◆ EXERCISE BRIEF:
The listing below is to be given again in full and word for word, without its images.

◆ STORED DATA:
•••••
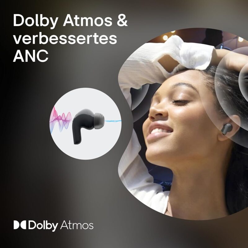 In-ear earphones with 11 mm dine drivers; Dolby Atmos and Dolby Head tracking for spatial sound; Active Noise Cancelling (ANC) for clear sound
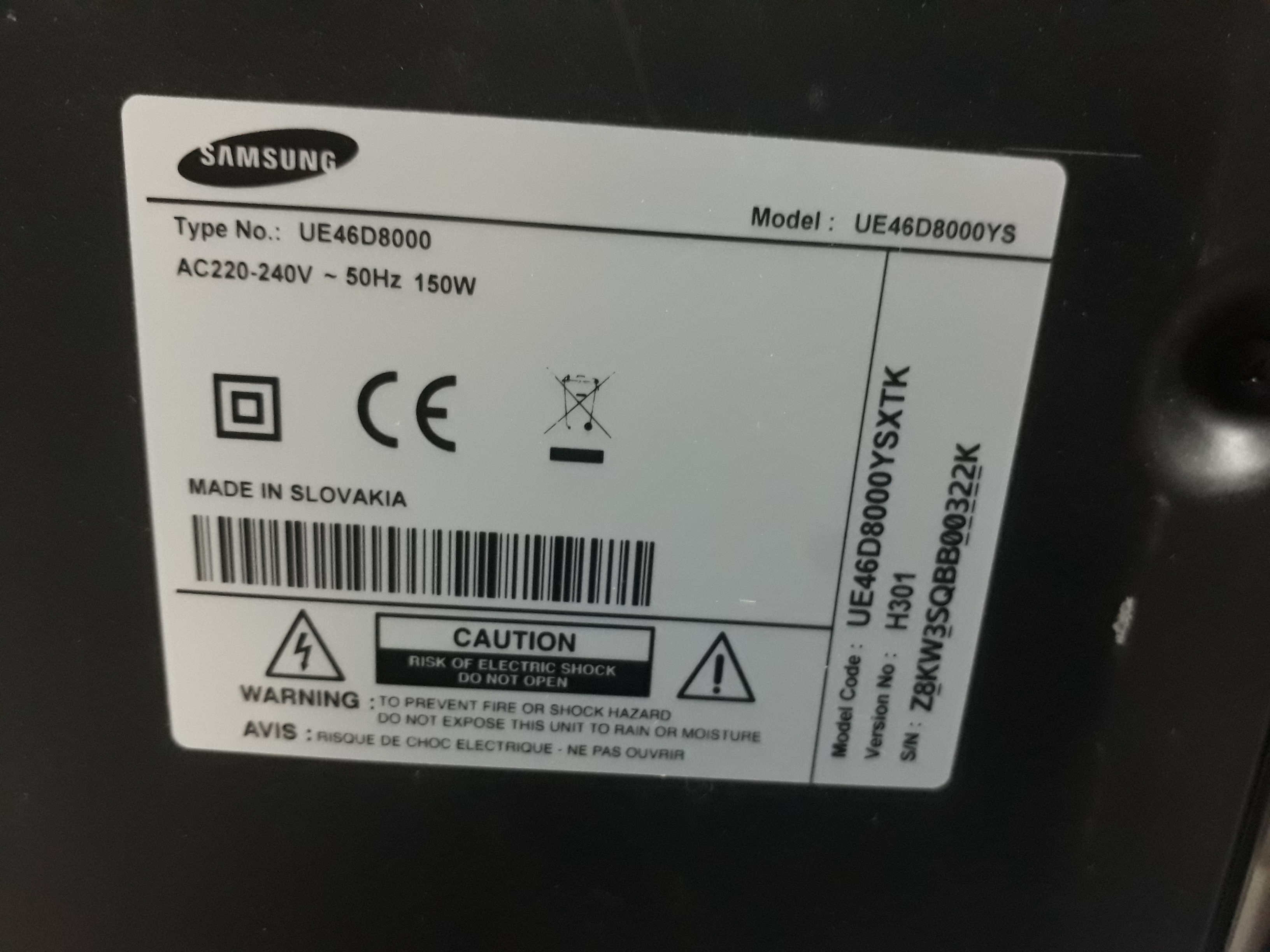 Samsung LED TV Model UE46D8000YS
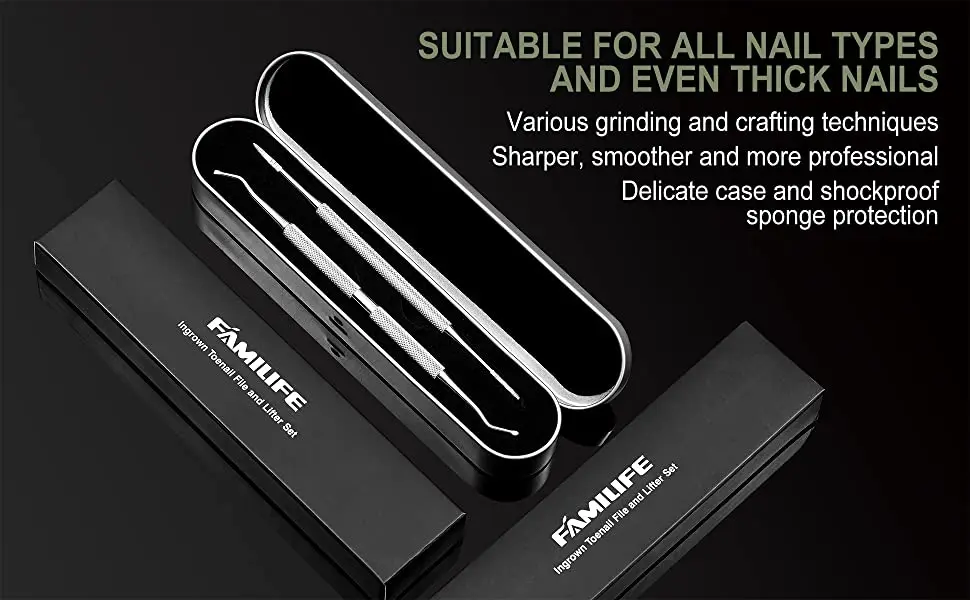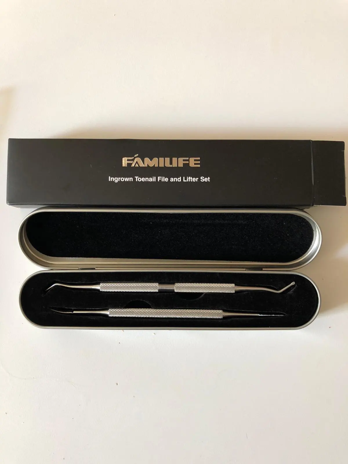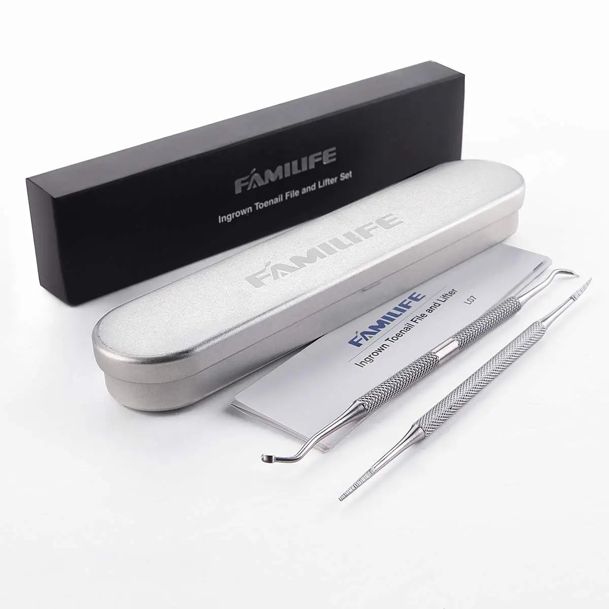 FAMILIFE 100% нержавеющая сталь вросший пилочка для ногтей и подъемник двусторонний чехол для хранения (вросший пилочка для ногтей)
•••••
◆ SOLUTION:
 In-ear earphones with 11 mm dine drivers; Dolby Atmos and Dolby Head tracking for spatial sound; Active Noise Cancelling (ANC) for clear sound
 Samsung LED TV Model UE46D8000YS
 FAMILIFE 100% нержавеющая сталь вросший пилочка для ногтей и подъемник двусторонний чехол для хранения (вросший пилочка для ногтей)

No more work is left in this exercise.